Aman Allah'ım bir de ne göreyim.
Oydu. Yani Kaan. Birden afalladım.
Bana içeri geçmemi söyledi. Ev çok büyüktü ve bi o kadar da geniş.Annemle bir kadının kahkaları ta koridorun başından duyuluyodu. Salona varana kadar tek bir kelime konuşmamıştık. Diyorum ya abartmıyorum gerçekten ev acayip derecede büyüktü. Salona vardığımızda annem Kaan'ın annesi adı Sevim olan kadınla tanıştırmıştı beni. Annem beni övüp dururken ben de bir ara sohbete dahil olmuştu. Ben Sevim Teyze'yi , Sevim Teyze ise beni sevmişti. Annemle de hemen kaynaşmıştılar. Bir ara gözüm Kaan'a kaçtığında kulaklık ile müzik dinlediğini farkettim. Bi an bana baktı. Tabii ki ben hemen kafamı çevirdim. Sevim Teyze bizi farkedince:
" Kaan oğlum, bak arkadaşının canı sıkılıyor. Hangi şarkıyı dinliyorsan ona da dinlet. Beraber vakit geçirin. Artık gençliği de size biz öğreticek değiliz ya "

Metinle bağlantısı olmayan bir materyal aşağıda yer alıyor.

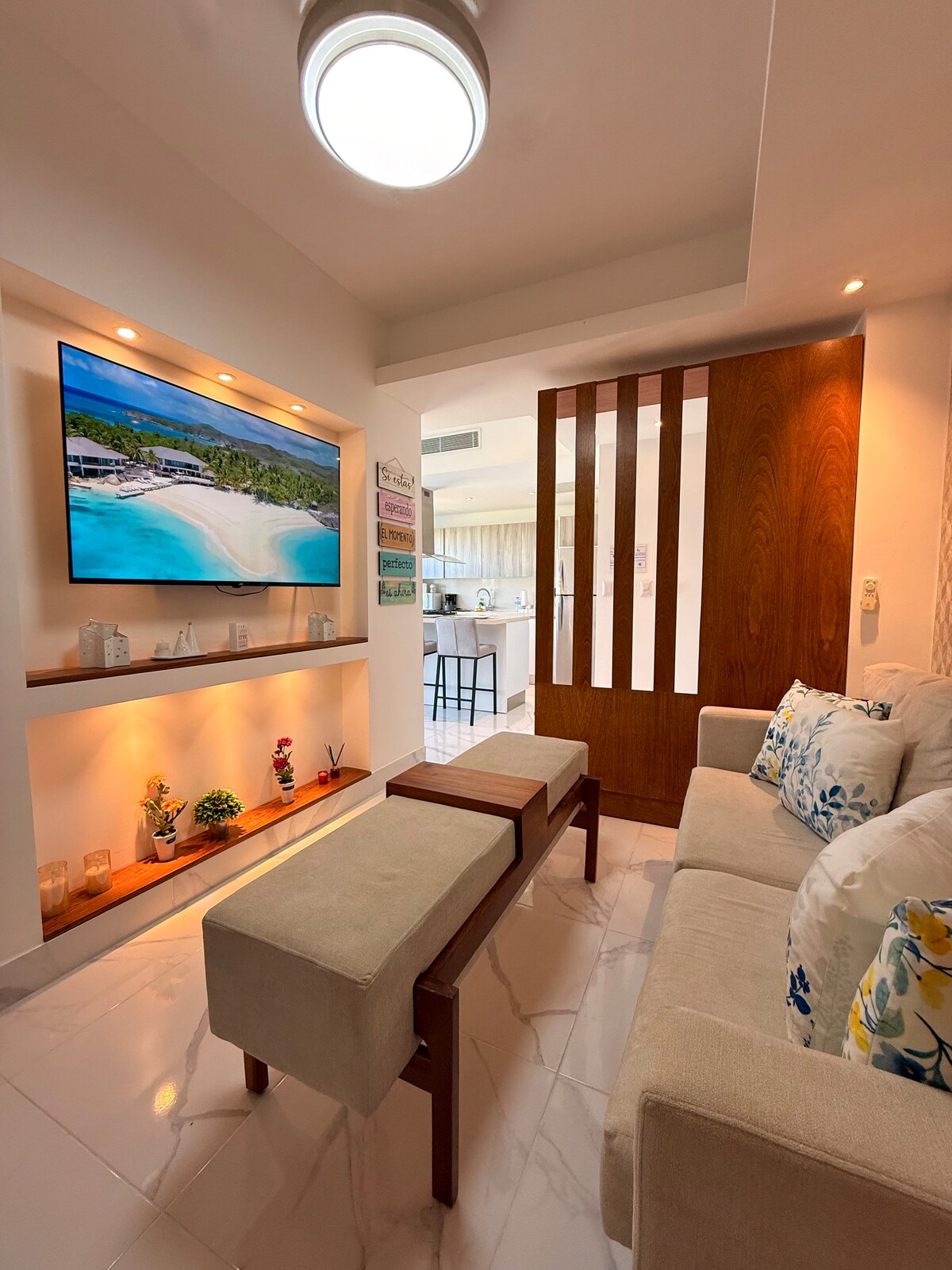 Enjoy a stylish and luxurious experience at this centrally-located apartment in Punta Cana Village, a private, gated community. Located just 5 minutes from the airport, you are within walking distance to delicious restaurants, malls, and supermarkets. The apartment is fully furnished and equipped to offer you a comfortable and relaxing stay. With a luxurious decor and equipped with everything you need, this is a perfect place to enjoy everything Punta Cana has to offer. Come and enjoy your stay!

Bunu dedikten sonra yine o tatlı sesiyle kahkalaştılar. Kaan yanıma oturdu aniden. Biraz hayvancaydı ama bence. Koltuğu çok büyük bir sarsıntıya uğratmıştı. Kulaklığın tekini kulağıma geçirip telefonuna geri döndü. Müziğin sesini duyar duymaz şaşkınlığım tavanlara çıkmıştı. Belki çoğu kişi bilmez ama bu şarkı benim kaç gündür hayranlıkla dinlediğim şarkıydı. Demek o da bunu dinliyordu ha. Bu arada fazla meraklandırmayım kimseyi. Şarkı = Manga - Cevapsız Sorular =
Şarkı çok iyiydi. Şarkı sırasında birkaç kez bakışmıştık. Çok tatlı bakıyodu. Onunla yan yana oturmak belki de benim için çok büyük bir şanstı. Bugün okulun ilk günü olmasına rağmen bütün kızların gözdesi olduğunu öğrenmiştim. Ya sonuçta çok yakışıklı, tatlı, sempatik ...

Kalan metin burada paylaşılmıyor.